If it does not directly interfere with experiments, aggregates can also be resected after they are initially formed. Indeed, some instantiations of the protocol prepare all aggregates this way, cutting individual aggregate-sized pieces from a cell-mass extruded from a thin centrifugation tube (Gierer et al., 1972; Seybold et al., 2016). Caution should be taken during this process, as shards of autofluorescent plastic liberated from the dish by a scalpel blade can become lodged in the aggregate during resection.

Problem 5

Aggregates are not the correct size for experiments.

Potential solution

Controlling the amount of damage to cells during the dissociation is difficult – a variable number of dead and dying cells are sorted and shed from the aggregate as the morphallaxis progresses. In addition, the presence of any ‘clumps’ of cells can complicate counting, if the true number of cells is over- or underestimated (step 9). This leads to a situation in which aggregates are sometimes not the correct size for experiments (e.g., slightly too large to fit completely in a microscope field of view).

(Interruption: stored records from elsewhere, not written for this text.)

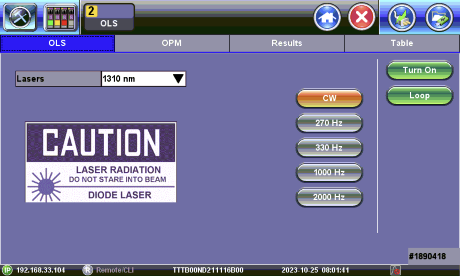 4. Select the OLS tab, select the laser wavelength, and turn ON. Press Loop to select and cycle through all desired wavelengths.
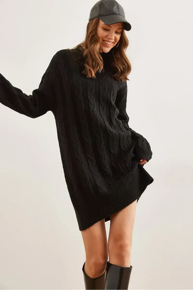 Experience elegance and comfort together with the Women's Black Braided Knit Tunic Dress ELB-19002. This specially designed tunic dress keeps you warm thanks to its knit texture and offers an elegant look. Braided details add movement and originality to the dress, while the noble tone of black allows you to stand out in any environment. Thanks to its standard size, this tunic dress, which easily adapts to different body types, can be easily preferred in daily use as well as special occasions. This piece, which will accompany you in every moment, from office elegance to weekend comfort, will be an indispensable part of your wardrobe. Thanks to the model's stance and stylish cut, you can combine both modern and classic styles and reflect your own style. This tunic dress, which allows you to move comfortably all day long thanks to its soft texture, is both a stylish and useful option. You can create different looks by combining it with boots in winter and flats or sneakers in spring. It offers long-lasting and durable use thanks to its 70% acrylic and 30% polyester blend. Let your style speak in every season with the timeless elegance of black and the warmth of tricot. Don't miss this special design tunic dress offered with OLaLook Official assurance. You can highlight your style by combining it with different accessories and feel special in any environment. Experience both comfort and elegance together with this tunic dress, which is a candidate to be the most loved piece of your wardrobe. This special design, which stands out with its braided details and tricot texture, is an ideal option for both daily use and special occasions. This tunic dress, which prioritizes your elegance and comfort, will be an indispensable part of your wardrobe. Order now and experience OLaLook Official quality.
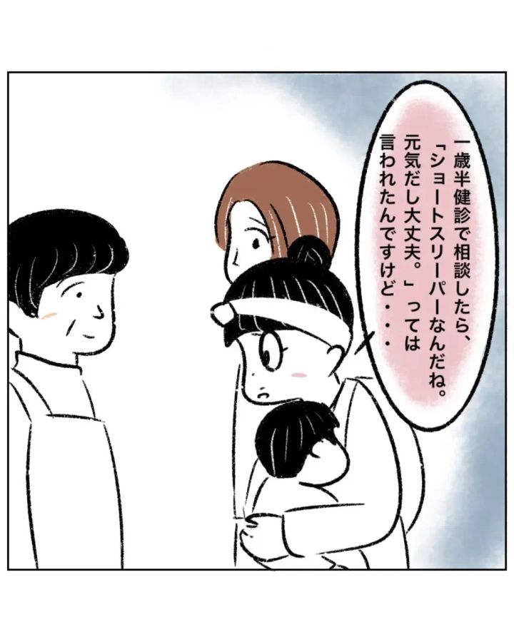 そして「一歳半健診で相談したら、『ショートスリーパーなんだね。元気だし大丈夫』とは言われたんですけど・・」とまるさんが不安そうに話すと、
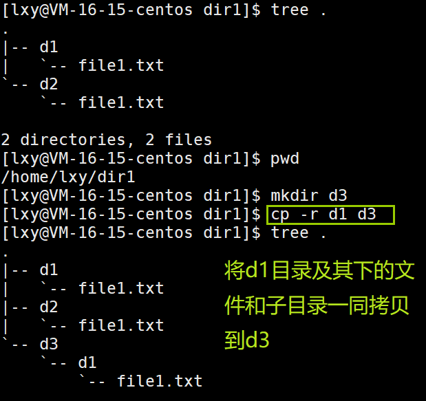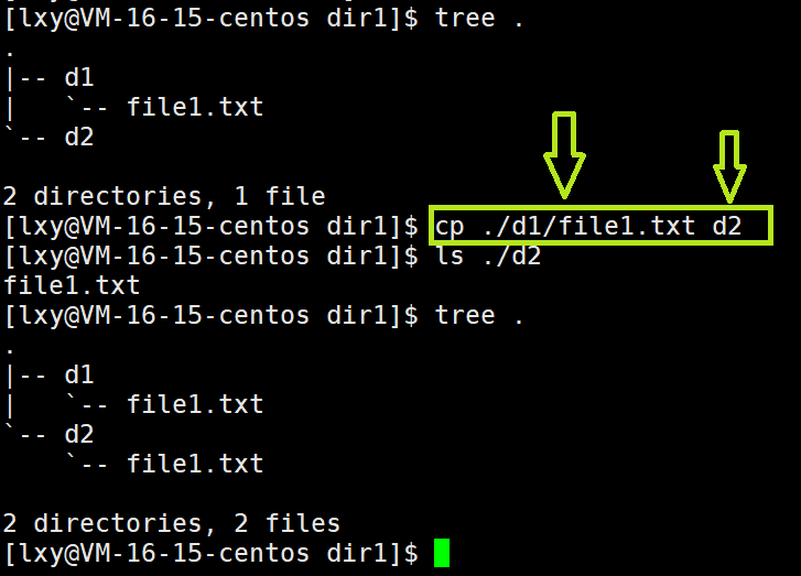 **说明: **cp指令用于复制文件或目录,如同时指定两个以上的文件或目录,且最后的目的地是一个已经存在的目录,则它会把前面指定的所有文件或目录复制到此目录中。若同时指定多个文件或目录,而最后的目的地并非一个已存在的目录,则会出现错误信息。
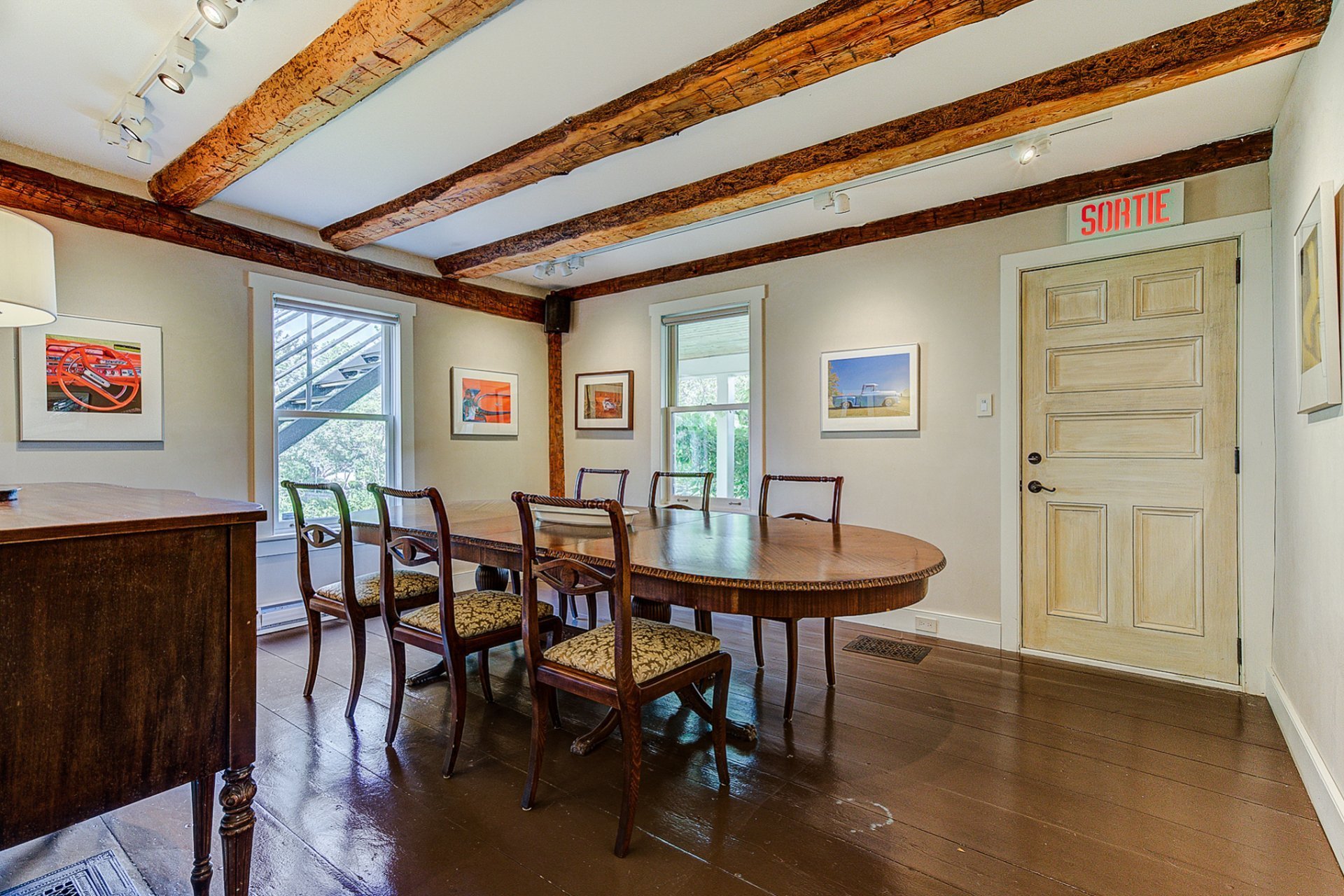 The main house, built in 2007 was designed by Quebec's renowned architect ALAN BELLAVANCE and was built to emulate the architecture of the original house. This 7-bedroom home embraces the concept of living peacefully within nature enabled by oversized windows overlooking Owl's Head and views into Vermont. The main floor features an open concept living space, ideal for entertaining. The kitchen features a built in gas stove, large farm-style sink, butler's kitchen and ample storage. The large open dining room provides a direct access to the expansive wrap-a-around porch with numerous seating areas designed for soaking in the scenery and enjoying the breath-taking sunsets.
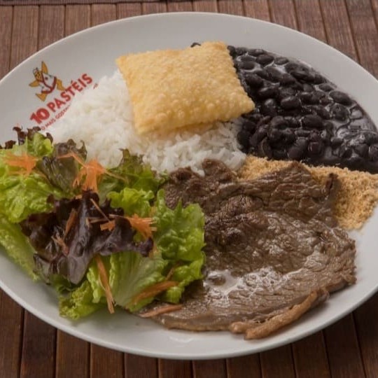 Delicioso bife grelhado, arroz, feijão, farofa, salada e 1 pastel jr de queijo .
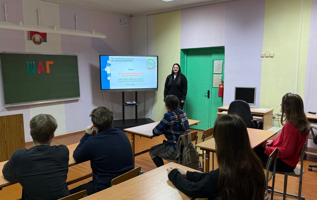 29.01.2026 в ГУО "Граничская базовая школа Молодечненского района" в рамках информационно-образовательного проекта «ШАГ» для учащихся 8 и 9 классов была организована лекция-беседа «Быть достойным гражданином Республики Беларусь - значит быть готовым в любую минуту встать на защиту Родины!». Ребята узнали, какие виды войск стоят на защите Республики Беларусь, где готовят курсантов, а также о роли военно-патриотических клубов в патриотическом воспитании молодежи. Ребята активно участвовали в обсуждении вопросов по данной тематике, анализировали информацию, делали выводы.
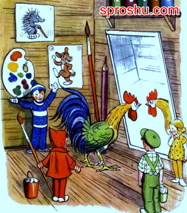 Петух. Мальчик забыл раскрасить петуха, и петух ходил нераскрашенный и несчастный. Когда краски его раскрасили, то он стал счастливым.
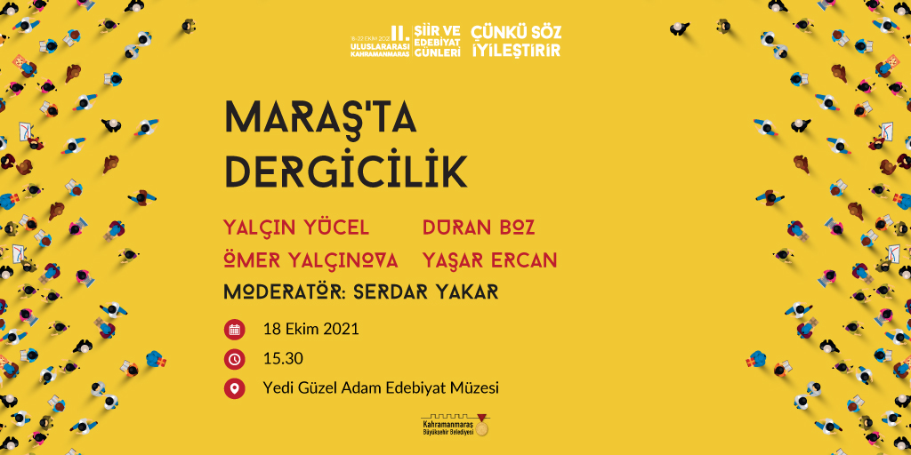 Açılış sonrası etkinliklerin Yedi Güzel Adam Edebiyat Müzesi’nde devam edeceği aktarılarak, “Açılış ve Ödül Töreni’nin ardından etkinlikler saat 15.30’da Yedi Güzel Adam Edebiyat Müzesi’nde Yalçın Yücel, Ömer Yalçınova, Duran Boz ve Yaşar Ercan gibi isimlerin Serdar Yakar moderatörlüğünde bir araya geleceği Maraş’ta Dergicilik programıyla devam edecek. Necip Fazıl Kısakürek Kültür Merkezi’nde ise 18.00’da Yunus, Kendime Söylüyorum; Emre, Sen İşit programıyla İhsan Fazlıoğlu kültür sanat dostlarıyla buluşacak. Programın ardından Mehmet Akif Kısakürek Kültür Merkezi’nde 20.00’da Serdar Tuncer ile Şiir Gecesi etkinliği düzenlenecek. Etkinliklerimize tüm vatandaşlarımız davetlidir” ifadelerine yer verildi.

While there will be some variability from aggregate to aggregate, one safe way to approach this problem is to generate extra aggregates of different sizes, varying the size of each by 20% (e.g., making 80k, 100k, and 120k-cell aggregates, if a 100k-cell aggregate is desired).

Resource availability

Lead contact

Further information and requests for resources and reagents should be directed to and will be fulfilled by the lead contact, Rafael Yuste (rmy5@columbia.edu).

Materials availability

This study did not generate new unique reagents.

Data and code availability

This study did not generate or analyze any new data or code. Please refer to Lovas and Yuste (2021) for data and code related to the study of neural circuit synchronization during reaggregation.